== Required action ==
Copy everything in the data below exactly except the pictures.

== Information supplied ==
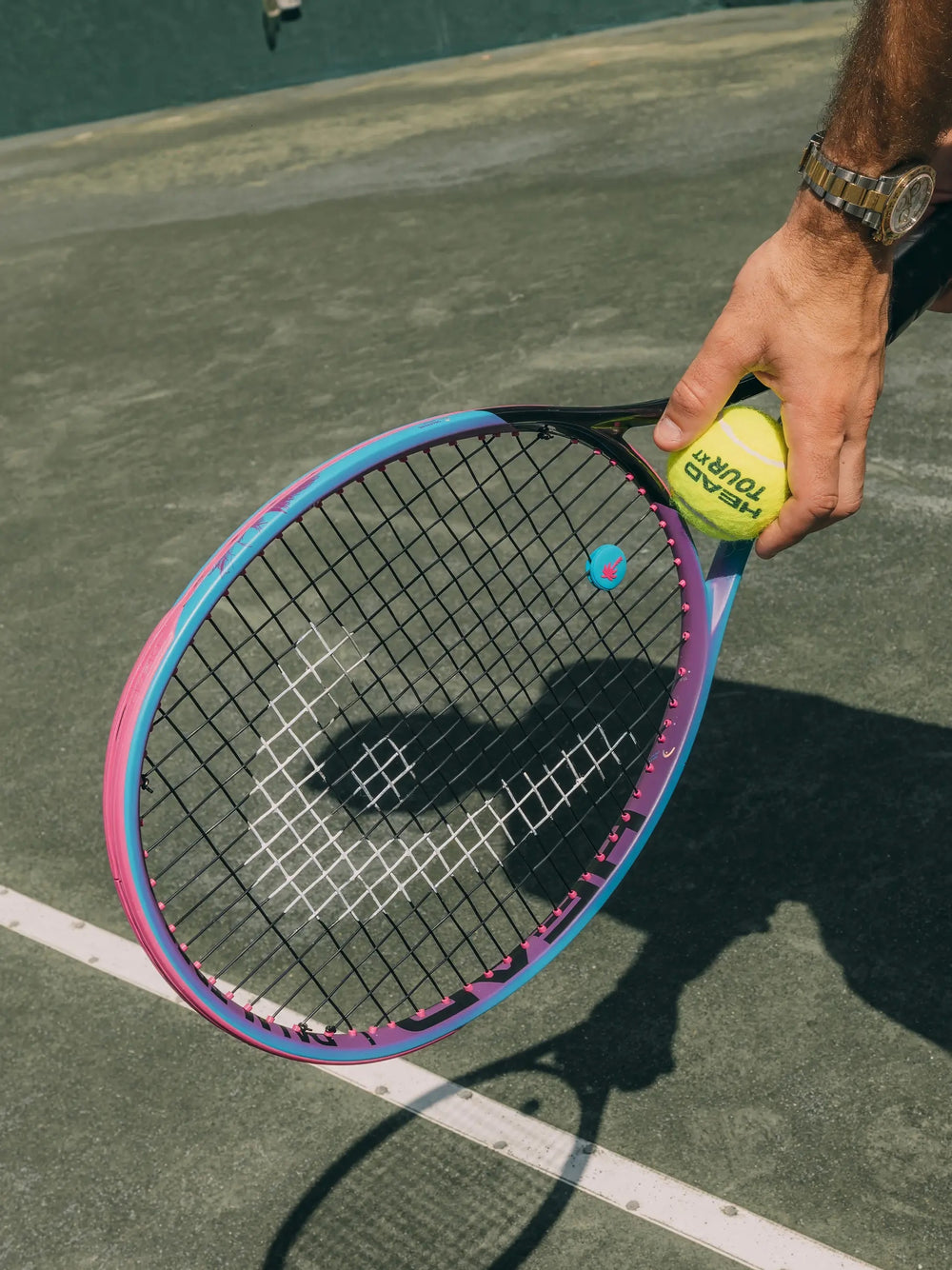 Dance to your own rhythm with the limited edition of Radical MP Palm Tree Crew tennis racket from a collaboration between Head and DJ Kygos Palm Tree Crew. Recommended by T. Fritz
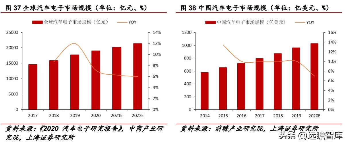 预计到2022年,全球汽车电子市场规模将达到 21399 亿元。前瞻产业研究院指出,中国汽车电子市场规模从2014年的 579 亿美元增长至2019年的 962 亿美元,年均复合增长率为 10.69%,增速稳定。
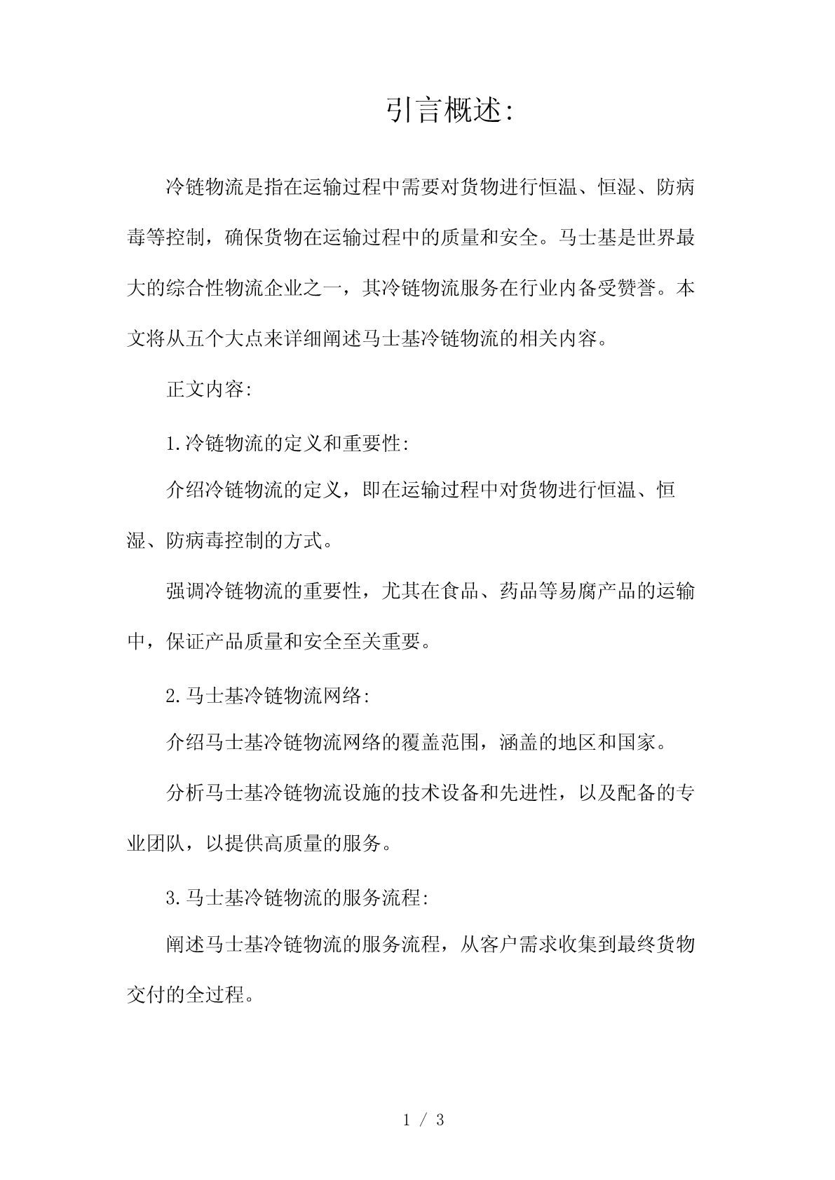 引言概述:冷链物流是指在运输过程中需要对货物进行恒温、恒湿、防病毒等控制,确保货物在运输过程中的质量和安全。马士基是世界最大的综合性物流企业之一,其冷链物流服务在行业内备受赞誉。本文将从五个大点来详细阐述马士基冷链物流的相关内容。正文内容:1.冷链物流的定义和重要性:介绍冷链物流的定义,即在运输过程中对货物进行恒温、恒湿、防病毒控制的方式。强调冷链物流的重要性,尤其在食品、药品等易腐产品的运输中,保证产品质量和安全至关重要。2.马士基冷链物流网络:介绍马士基冷链物流网络的覆盖范围,涵盖的地区和国家。分析马

== Exercise output ==
 Dance to your own rhythm with the limited edition of Radical MP Palm Tree Crew tennis racket from a collaboration between Head and DJ Kygos Palm Tree Crew. Recommended by T. Fritz
 预计到2022年,全球汽车电子市场规模将达到 21399 亿元。前瞻产业研究院指出,中国汽车电子市场规模从2014年的 579 亿美元增长至2019年的 962 亿美元,年均复合增长率为 10.69%,增速稳定。
 引言概述:冷链物流是指在运输过程中需要对货物进行恒温、恒湿、防病毒等控制,确保货物在运输过程中的质量和安全。马士基是世界最大的综合性物流企业之一,其冷链物流服务在行业内备受赞誉。本文将从五个大点来详细阐述马士基冷链物流的相关内容。正文内容:1.冷链物流的定义和重要性:介绍冷链物流的定义,即在运输过程中对货物进行恒温、恒湿、防病毒控制的方式。强调冷链物流的重要性,尤其在食品、药品等易腐产品的运输中,保证产品质量和安全至关重要。2.马士基冷链物流网络:介绍马士基冷链物流网络的覆盖范围,涵盖的地区和国家。分析马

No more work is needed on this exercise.